Work order
Using the data below, transcribe exactly everything from the line that contains "Funda de Teléfono" down to the line that contains "Silicone Placemat, Heat". Include both of those lines and none of the pictures.

Given data
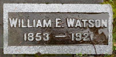 William E. Watson was born May 29, 1853, in the Town of Penfield, Monroe Co., NY, and died November 6, 1921, in Portland, Multnomah Co., OR, at age 68. Buried in Lone Fir Pioneer Cemetery, Portland, Multnomah Co., OR. He is the son of William Watson of Belfast, Ireland, and Abigail Harrington of Watkins Glen, Schuyler Co., NY .
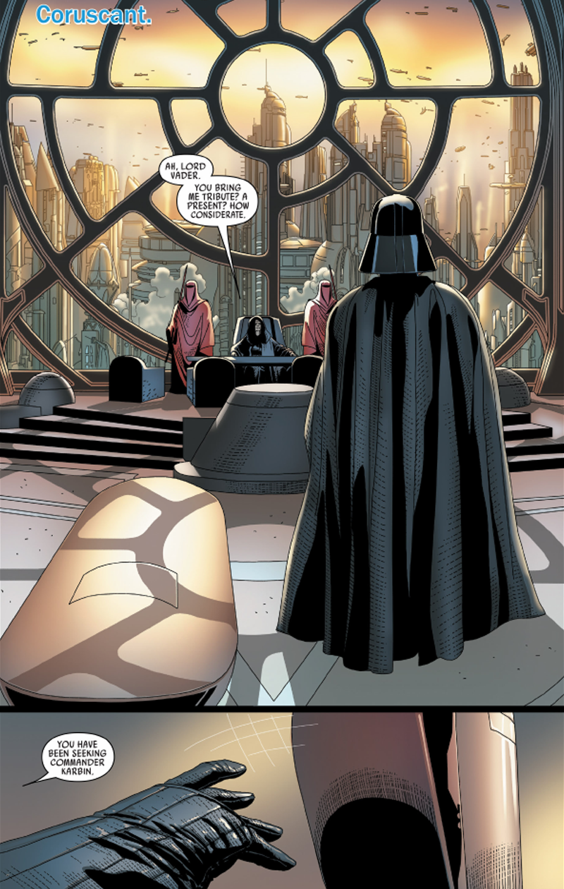 If you're not reading Marvel's Darth Vader comic, you're missing out. The series, which follows Vader's various adventures in the time between the original Star Wars and The Empire Strikes Back, has been consistently strong and the latest issue contained an all-time great moment for the Sith lord. Long story short: Emperor Palptaine has been training potential replacements for his right hand cyborg and Vader doesn't take to kindly to this. So he pays his boss a little visit, as you can see in the pages above. Thanks to io9 for the images.
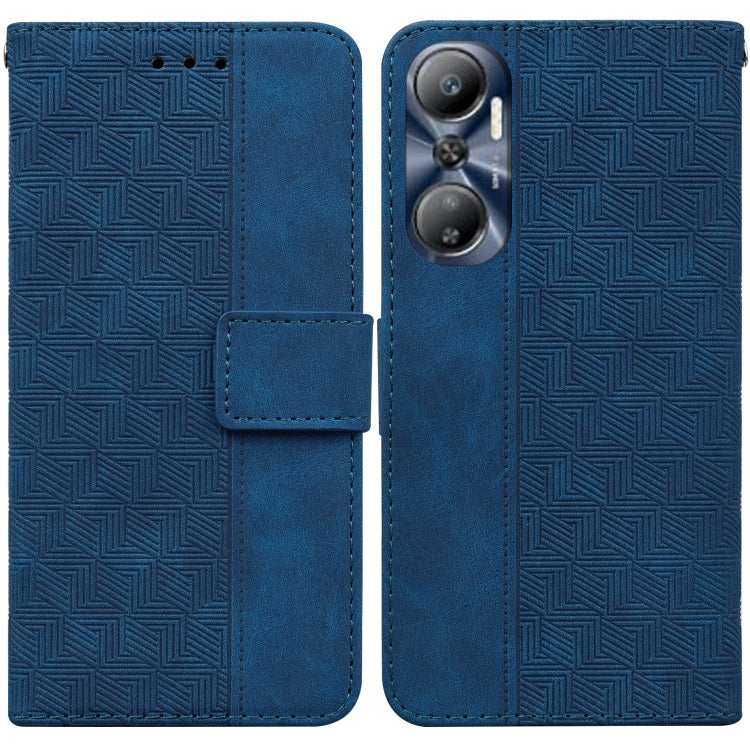 Funda de Teléfono Infinix Hot 20 Cuero con Relieve Geométrico (Azul)
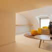 Cinque scalini portano ad un soggiorno con soffitto a volta, in un ambiente molto cozy ad accogliente.
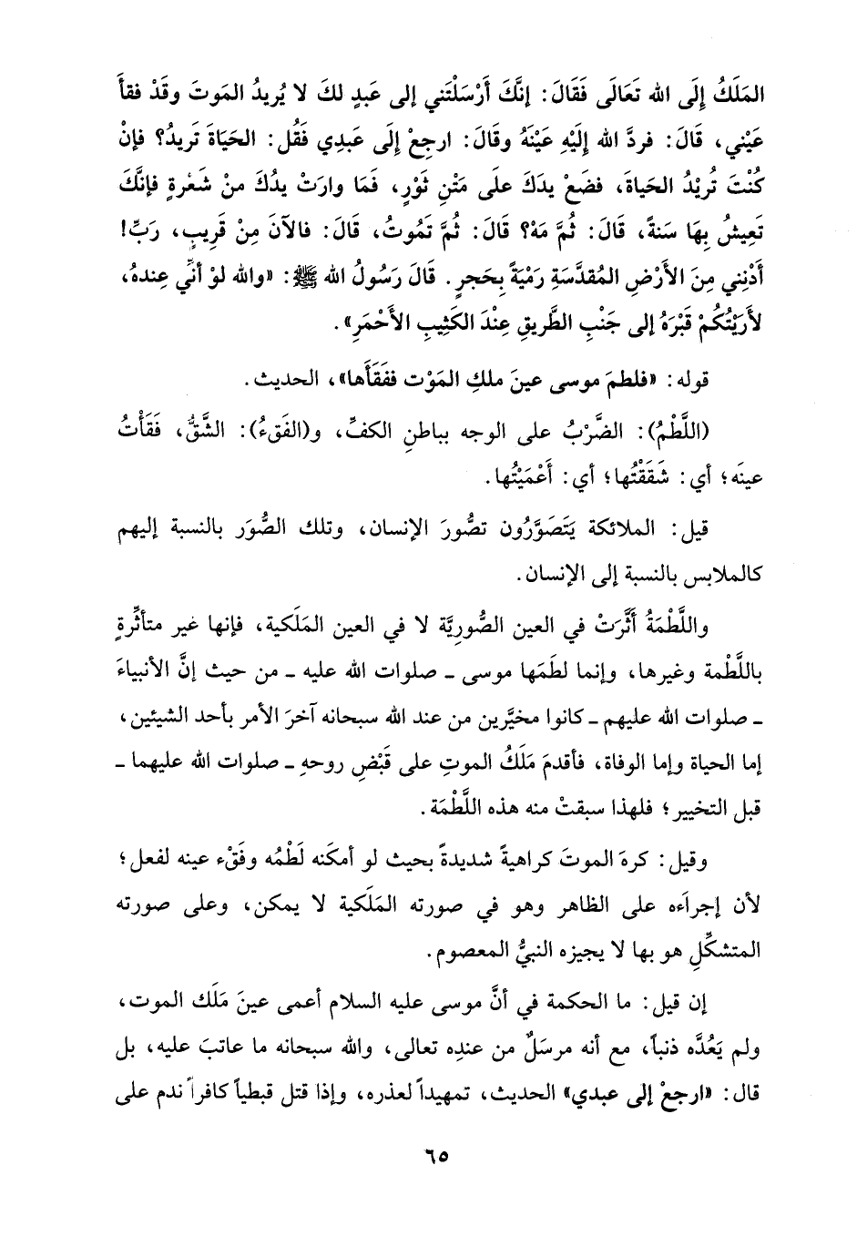 وقيل: كرهَ الموتَ كراهيةً شديدةً بحيث لو أمكَنه لَطْمُه وفَقْء عينه لفعل؛ لأن إجراءَه على الظاهر وهو في صورته المَلَكية لا يمكن، وعلى صورته المتشكِّلِ هو بها لا يجيزه النبيُّ المعصوم.
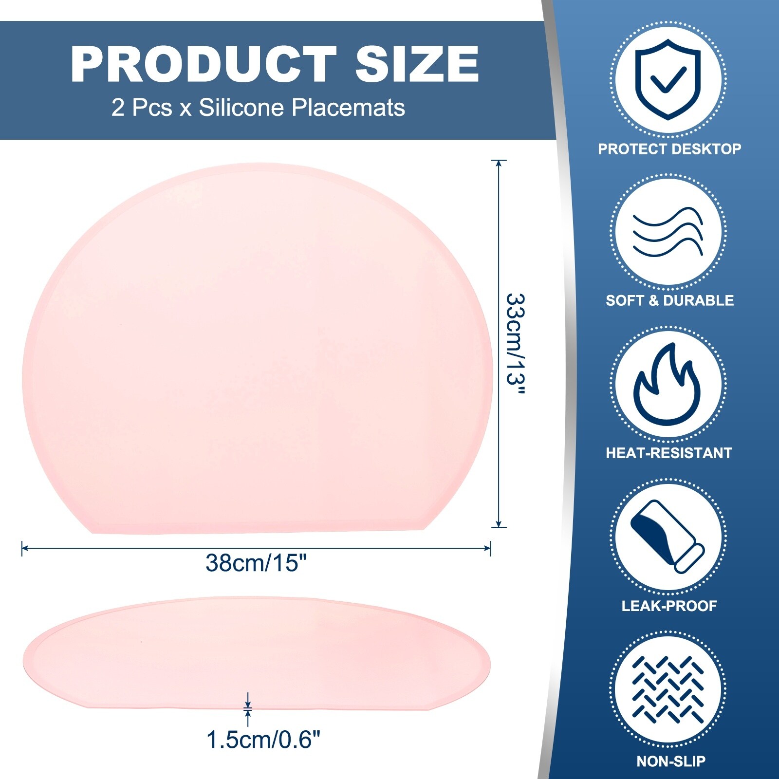 Silicone Placemat, Heat Resistant Placemats for Dining Table Semicircle Non-Slip Place Mats Easy to Clean Waterproof Oil Proof
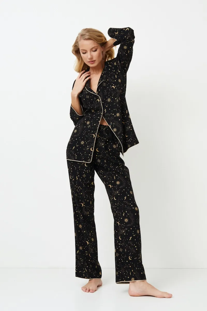 Представляем вашему вниманию длинную пижаму Alexandra, в которой уют сочетается с шиком, создавая ощущение блаженства перед сном. Рубашка с длинными рукавами застегивается на пуговицы и имеет стильный V-образный воротник с контрастной окантовкой по краю воротника спереди, низу и рукавам. Брюки классического кроя с удобными карманами и окантовкой в тон по нижнему краю. Пижама потрясающего черного цвета, украшенная золотыми орнаментами ночного неба, оживляет образ перед сном. Насладитесь ночным очарованием в пижаме Alexandra pajama long, каждая деталь которой излучает небесное очарование. Ткань - вискоза.
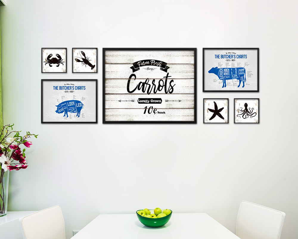 Farm Fresh Carrots Vintage Sign Fine Art Paper Prints Wood Frame Wall Art Decor Gifts
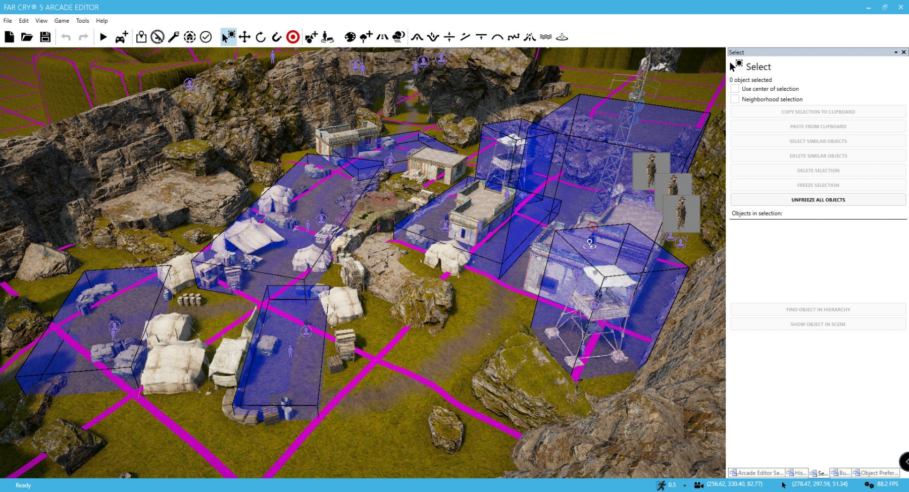 I began by defining the outer walls that constrained the environment and placing the key objects within this area, matching the positions with the editors grid to the design.
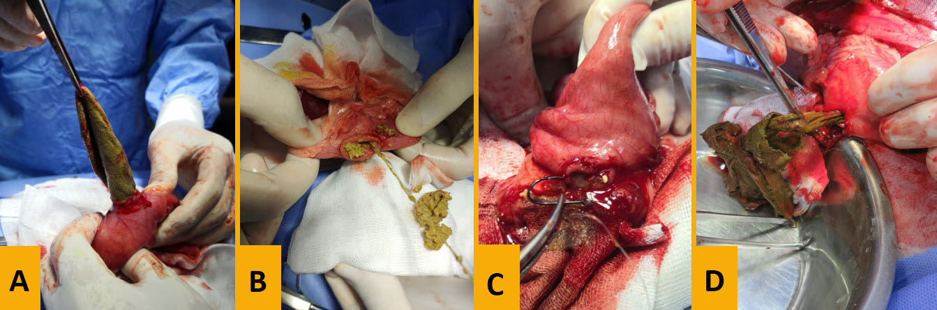 FIGURE 2. Removal of various FB materials from the area of localization during the surgery. A: socks, B: sewing needle and thread, C: fishing rod and fishing line, and D: a piece of cloth
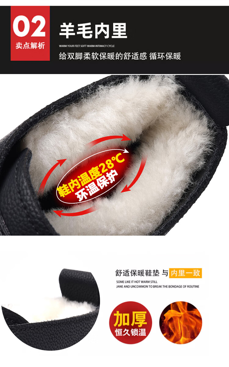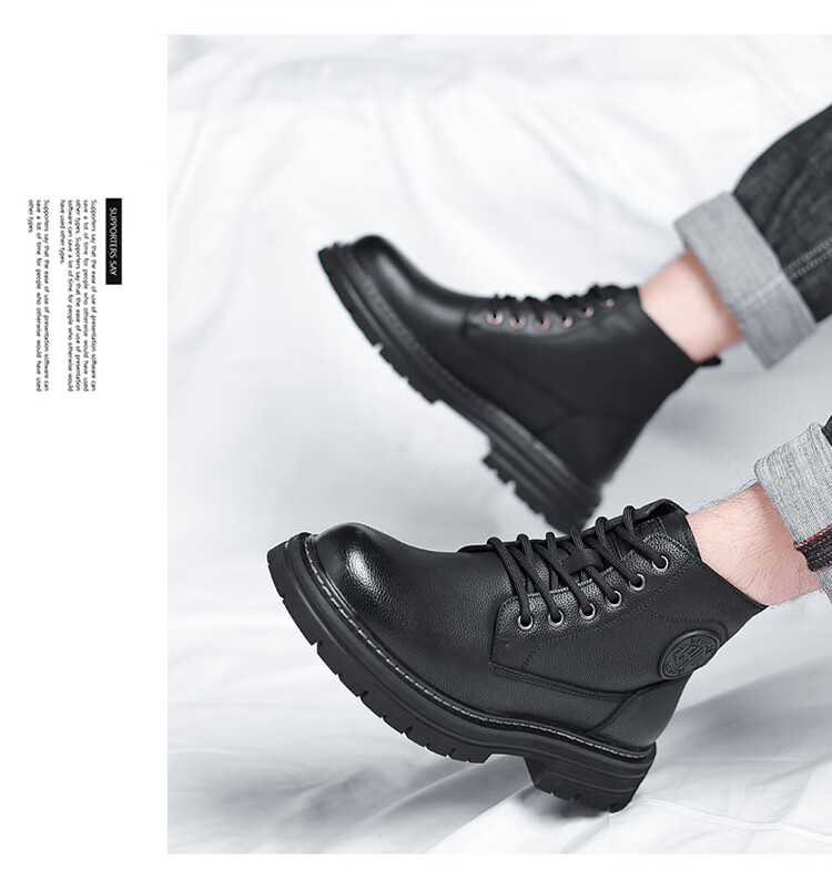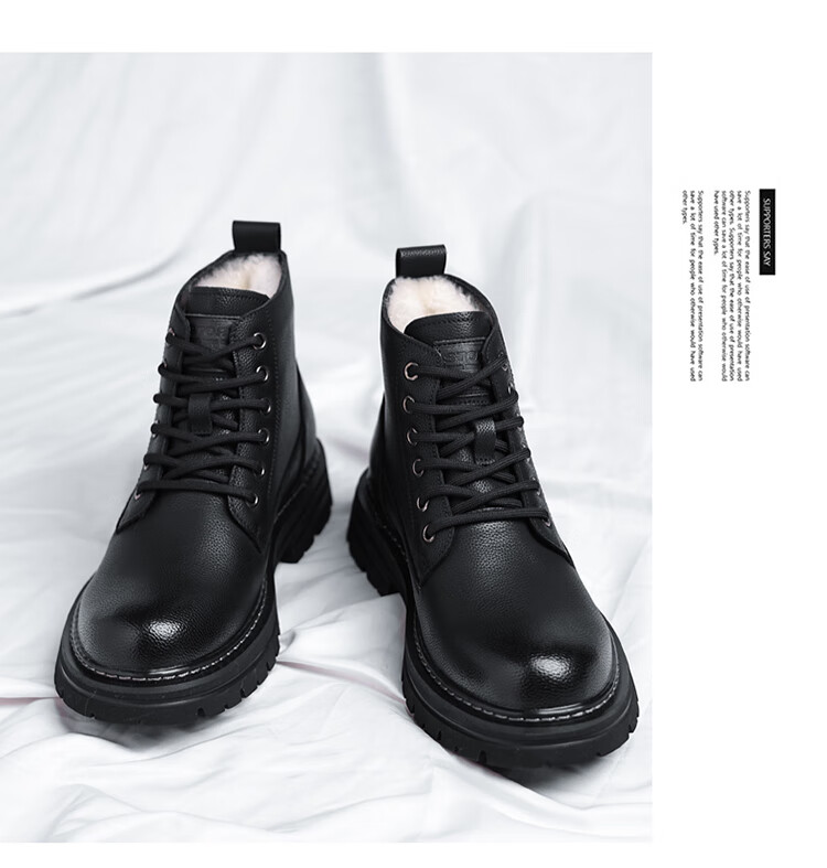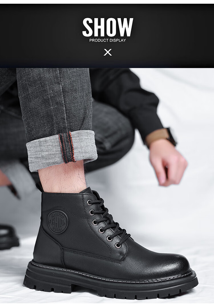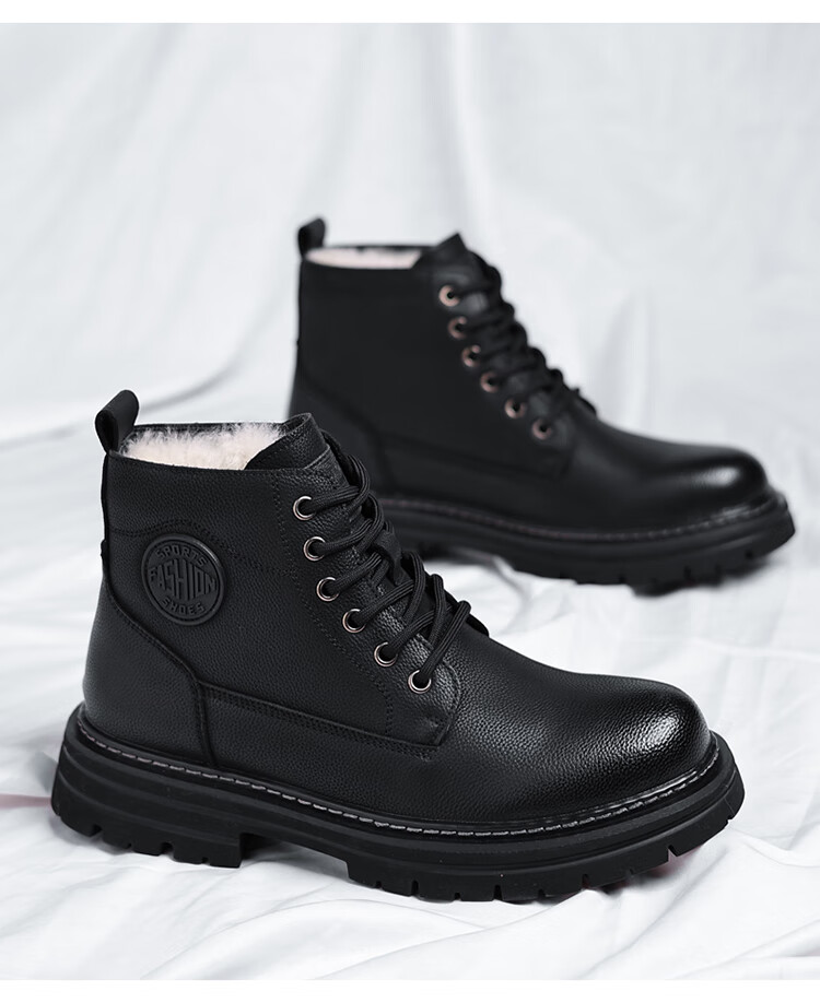 稻草人(MEXICAN)棉皮鞋男款冬季2026新款加绒加厚保暖高帮马丁靴真皮羊毛雪地靴 M22905黑色加绒 加厚羊毛 40

Reply to the exercise
 Funda de Teléfono Infinix Hot 20 Cuero con Relieve Geométrico (Azul)
 Cinque scalini portano ad un soggiorno con soffitto a volta, in un ambiente molto cozy ad accogliente.
 وقيل: كرهَ الموتَ كراهيةً شديدةً بحيث لو أمكَنه لَطْمُه وفَقْء عينه لفعل؛ لأن إجراءَه على الظاهر وهو في صورته المَلَكية لا يمكن، وعلى صورته المتشكِّلِ هو بها لا يجيزه النبيُّ المعصوم.
 Silicone Placemat, Heat Resistant Placemats for Dining Table Semicircle Non-Slip Place Mats Easy to Clean Waterproof Oil Proof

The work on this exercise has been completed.